Бормоча под нос, Алевтина Петровна пошла в комнату, а Гаврилов остался на лестнице.
Лишь через полтора часа он попал на Старомонетный, разыскал старенький флигелек с кошкой на крыше и тощей сиренью во дворе.
Матери дома не оказалось, она была на работе. Гаврилов улыбнулся – вот она у него какая! В ее годы – матери перевалило за шестьдесят – можно было бы и не работать. Тем более она получает пенсию за отца и его денежный аттестат. Но разве она станет сидеть сложа руки? Гаврилов представил себе, что мать ответила бы на его вопрос: «Да как же, сынок, сидеть дома, когда все работают. И людей–то сейчас не хватает. А я ведь еще и не старая!»

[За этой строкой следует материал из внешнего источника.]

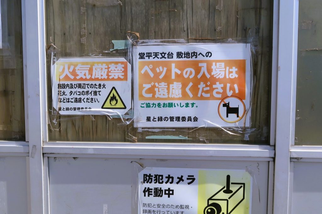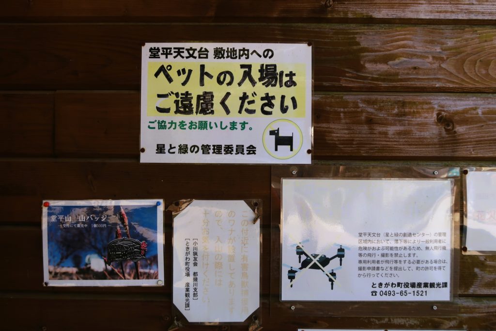 しかし、堂平山山頂・天文台、「星と緑の創造センター」は、建物内だけでなく敷地すべてがペット立入禁止となっています。

Соседи показали Гаврилову, где Екатерина Никитична оставляет ключ. Комнатка – словно только что выстиранная, накрахмаленная и отутюженная. Металлическая кровать заправлена белым пикейным одеялом, понизу кружевной подзор. Пирамидка подушек взвивается к потолку, как белая пена на гребне прибойной вол– мы. На комоде – последний снимок отца, фронтовая фотография Гаврилова, сестер с мужьями.
Тепло, пахнет старыми вещами и тем неопределенным запахом, который ощущаешь лишь в родном доме. Гаврилов взял с комода фотографию отца и прилег на старенький, обитый плюшем диван. Фотография вызвала грустные воспоминания: как все–таки нелепо ушел он из жизни! Словно вещий Олег, принял смерть от коня своего: выезжал жеребца и внезапно почувствовал себя плохо – упал на гриву коня, а тот испугался, понес и скинул Никиту Петровича прямо на асфальт у конюшен, где отец и умер, не приходя в сознание.

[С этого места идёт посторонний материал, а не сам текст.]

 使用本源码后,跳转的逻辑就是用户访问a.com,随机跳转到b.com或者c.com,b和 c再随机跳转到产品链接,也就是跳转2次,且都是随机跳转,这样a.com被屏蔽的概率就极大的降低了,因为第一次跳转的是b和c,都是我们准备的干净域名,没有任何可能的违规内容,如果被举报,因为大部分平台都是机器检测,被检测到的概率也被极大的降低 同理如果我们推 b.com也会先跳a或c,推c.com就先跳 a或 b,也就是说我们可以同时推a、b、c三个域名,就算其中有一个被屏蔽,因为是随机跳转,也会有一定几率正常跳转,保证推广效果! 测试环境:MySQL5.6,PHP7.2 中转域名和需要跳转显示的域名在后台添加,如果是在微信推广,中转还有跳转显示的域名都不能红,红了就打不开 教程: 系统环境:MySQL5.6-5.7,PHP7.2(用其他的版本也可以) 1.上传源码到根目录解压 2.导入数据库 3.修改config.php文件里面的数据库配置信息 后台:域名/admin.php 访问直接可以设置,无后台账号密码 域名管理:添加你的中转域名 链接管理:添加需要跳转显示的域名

У Гаврилова три сестры. Они выросли хорошими рукодельницами, настоящими умницами–красавицами и конечно же своевременно, а кое–кто и несколько раньше, были обнаружены: первая капитаном медицинской службы, вторая – журналистом из дальневосточной газеты, а третья – полярным летчиком, и увезены, с согласия родителей, далеко от Москвы, к месту службы мужей. А Василек еще долго жил с родителями.
Отец внешне выглядел бирюковатым. Его узкие, монгольские глаза под выгоревшими на солнце бровями были невероятно цепки. Никите Петровичу достаточно было, не поднимая хлыста, просто посмотреть на провинившуюся лошадь, как та пятилась, качала головой, словно пыталась стряхнуть с себя его колючий взгляд.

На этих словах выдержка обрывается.